Вокруг тишина. Телевизор мертв. Рядом с ним, открыв рот, сидит перепуганный Родион. И все, находящиеся в помещении, молчат и смотрят на меня. Только слышно, как ливень грохочет по крышам и стеклам.
– Ян… – наконец произносит Торий.
Он подается навстречу, но я отступаю к двери:
– Сожалею. Вычтешь из моего жалованья.
И выхожу в коридор.
Тьма густеет, волной перекатывает через подоконник. Течет по пятам, как разлитые чернила. Я иду быстро, не сбавляя шага. Попадающиеся на пути люди смотрят с удивлением, а я не различаю ни лиц, ни фигур – только бумажные силуэты. Их, словно пожухлую листву, подхватывает буря и кидает в свою ненасытную глотку. Она воет от тоски и злобы. Может, зовет меня, и внутренняя пустота откликается на зов.
* * *
Торий догоняет меня в коридоре. Разворачивает за плечо. Держит цепко, словно боится чего-то.
Говорю ему:
– Я в порядке.
Но буря все еще воет в моей голове, и захват не ослабевает. Торий усмехается болезненно, спрашивает:
– Настолько в порядке, что пропало желание швыряться стульями?
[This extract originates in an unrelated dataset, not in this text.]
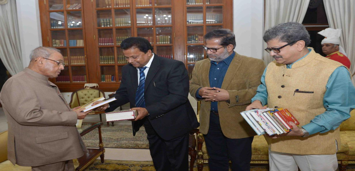 The President of India, Shri Pranab Mukherjee meeting with Shri Sudhangshu Sekhar Dey, President, Publishers & Booksellers Guild with others, at Rashtrapati Bhavan on January 05, 2017.
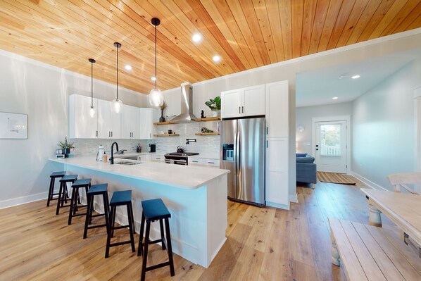 This gorgeous home boasts a sunny and airy open floor plan seamlessly combining the kitchen, living room, and dining area. The kitchen is complete with new appliances, including a wine refrigerator. There is plenty of counter space to work on, so put on the chef's apron and let your creativity flow! Then, once mealtime is over, gather in the living area to unwind and watch a favorite series on the large smart TV by utilizing your streaming login. This area offers comfortable sofas throughout. The back living area near the bunk room offers a second space for both kids and adults to relax, watch TV, read, and play games.

Пожимаю плечами, но не пытаюсь вырваться. Взгляда не отвожу. Чую, как Торий нервничает, но на этот раз он боится не меня. Мне кажется – и я понимаю, насколько глупо это звучит, – он боится за меня.
– Морташ – глава Си-Вай, – произносит Торий. – Он спит и видит, как упечь васпов в лаборатории. Не бери близко к сердцу. Думаю, его подстегнула новая попытка Хлои продвинуть законопроект.